The Pacific ladyfish have very round bodies with terminal mouths, and profound gill formations known as pseudobranchiae. They have a larger number of dorsal fin rays than most Arizona fish, with numbers ranging from 27 to 35. Anal fin rays usually range from 13 to 19, and they have 12 to 16 pelvic rays. This species is very different from most chordates in that it has no conus arteriosus, a tendinous band of tissue from which the pulmonary artery arises. Because of this absence, they have a much smaller pulmonary artery. This fish's lateral lines are unbranched, and lateral line scales are usually within ranges of 95 to 120. All scales are silvery and cycloid, along with the overall color of the fish; however, yellow pigment can occur in the eyes. Some aids to identification include the prominent auxiliary and inguinal processes.
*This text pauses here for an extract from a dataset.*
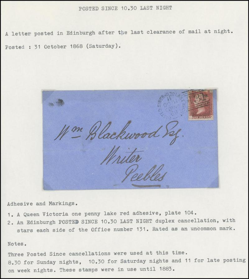 each type known), two examples of the scarce '11 LAST NIGHT' on 1873 Letters 1d and on 1881 QV Envelope 1d pink, the rare '11.30 LAST NIGHT' on 1872 large-part cover, and three examples of the very scarce '8.30 LAST NIGHT' Sunday Night/Monday Morning
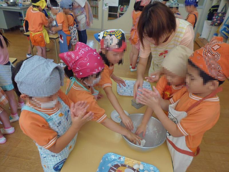 大きいのから,小さいのまで,いろいろな顔をもったおだんごが,次から次へと生まれていきます。調理は,あれこれと考えながら活動できるので,子どもたちの思考力を高めると言います。

== Distribution and habitat in Arizona ==

Within the United States this species is restricted primarily to the Southwest. Most records come from the Colorado River Delta and the Gulf of California, as they spawn here and then travel southwest into Arizona. They were also common in the Salton Sea in California, but their numbers have been slowly declining. During floods, Pacific ladyfish enter the Lower Colorado River from the Gulf. They can be found in Yuma Colorado River portions, with records as far south as certain Mexican dams. Pacific tenpounders are primarily a marine form, meaning they require a higher salinity water content then most freshwater fish. Because of this, they have evolved efficient swimming techniques allowing them to swim in lagoons and estuaries with higher salinities. Their maximum depth is around 10 m.

== Reproduction ==

This species uses a wide range of water salinities when spawning. Under normal conditions, the Pacific tenpounder are located in brackish water, but they travel deep into oceanic, salty waters for breeding. They place their eggs far from shore in more planktonic regions to provide them with nutrients as juveniles. The larvae look like eels at birth, but their forked tails distinguish them. Their young usually feed on the crustaceans in the brackish or coastal waters. This may explain their instinct to move from the Gulf of California into the Lower Colorado during flood conditions.

== Biology ==

Pacific ladyfish are pelagic, marine forms preferring either brackish or fresh water unless they are breeding. They prefer specific water depths of no more than 8 m. Little is known about the ecology of this species, but they are known to be highly carnivorous, feeding on smaller fish and crustaceans. This behavior is very similar to their relative, the Atlantic ladyfish. Maximum size is relatively larger than most Arizona fish, reaching lengths of 1 m. A negative correlation exists between size and presence in the Colorado River. As they become larger in size, they enter more brackish waters for unknown reasons. Larval and juvenile stages of fish have large records of distribution near Rocky Point, in the Sea of Cortez tidal inlets. Their spawning areas are usually closer to coastal areas, because they use saltier waters for their young.

== Threats ==

This species uses estuarine areas and hypersaline lagoons; changes in the quality of these habitats may affect this species' population dynamics. Although this species may not be closely associated with any single habitat, it may be adversely affected by development and urbanization.